Yesterday I tried out Rance Quest Magnum. At first I had issues with game screen being cut off near the bottom that I fixed by modifying the text scaling in the Windows settings, but after that I was surprised by how much fun I was having. Rance's chad antics put a constant grin on my face and made me laugh. Considering it is a plain jRPG at its core, I thought it would be a lot more boring than it actually is. It is not like I am unilaterally a Rance fan, I actually dropped Rance 4 due to it being boring. And Rance 2 wasn't that interesting even though I finished it. Kichikou and Sengoku are exceptions and they were both grand strategy RPGs.
10:45am. Maybe I did get some rest last night, even though throughout it felt I was awake the whole time.
I am not as tired as I expected. Let me start here.
10:50am. I've slacked for long enough. I'll finish today at 6pm so I can get some extra gaming time.
Until then let me just focus on the work in front of me.
10:55am. Let me get some thinking done. I need to decide what concrete steps I should take.
During the night, I've figured out how to parallelize the sample collection. Yesterday I said that CPSing is an absolute requirement, but I do not have enough. I am going to have to turn the game into an union type. Instead of having the game operate on the players, I will make it so that it returns the action nodes with a continuation. In essence I am going to compile the game to an union type.
This will make it easy to have an arbitrary number of instance run in parallel. Right now I can't do that. Even the CPS'd version that I have now does not return a continuation, instead for the human player it just calls the dispatcher.
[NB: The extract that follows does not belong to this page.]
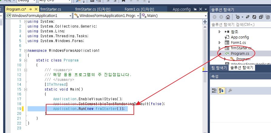 실행 폼이 여러개라면 맨처음에 실행될 frmStart 를 시작 폼으로 기록해 둔다.
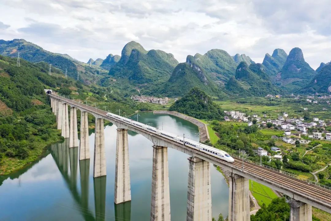 @图虫创意阳朔至广州方向,有一段线路将中国桂林山水的浪漫展现的淋漓尽致,喀斯特地貌在云层中若隐若现,田野上的房屋星罗棋布, 这样一段列车画面也被网友称作“中国最美山水列车。”

I might have to redesign the whole thing to get this capability, but that is fine. If I did it like this, it would have the benefit of completely generalizing the other two ways.
11am. The reason why I'd want to do this is because GPUs suck for online learning. Running a single sample through the system would be 128 times slower than running 128 of them in parallel. And NN evaluation on the GPU is where the majority of the runtime overhead will be.
When I was running those PG in 2018 on a single sample, yes, I was doing something pretty stupid.
11:10am. Close down /g/ focus on the task at hand. It is time to get serious here. Though I feel really fatigued, I should give it my best shot for the day as usual. I can't give excuses and start slacking off because of things like my fatigue state.
...
Let me think. Yesterday I did the tabular CFR agent. Today I need to run it.
11:15am. Focus me. I already have the general outline.
What are the specific steps I have to take?
11:20am. The graph is troublesome as it requires a separate non-updating pass with just the average policy being used on both ends.
Nonetheless, let me go for it. Let me do a step of optimization, and a step of showing the value to me.
I should also try implementing linear CFR, since it has been mentioned to give two order of magnitude of speedup.
11:25am. Graph UI, graph UI... That is what I should focus on. Once I decided that I absolutely want to do something, things become easier.
Then instead of thinking what I want to do in addition to have to do things, I can just focus on the later. This gives me the ability to think more deeply about the subject. When one is one the fence, there is always the hesitation of expending too much mental energy on something that is fruitless.
I should do a number of training steps followed by a sampling step.
11:30am. Now I am thinking about GANs. Forget that, focus on the task at hand.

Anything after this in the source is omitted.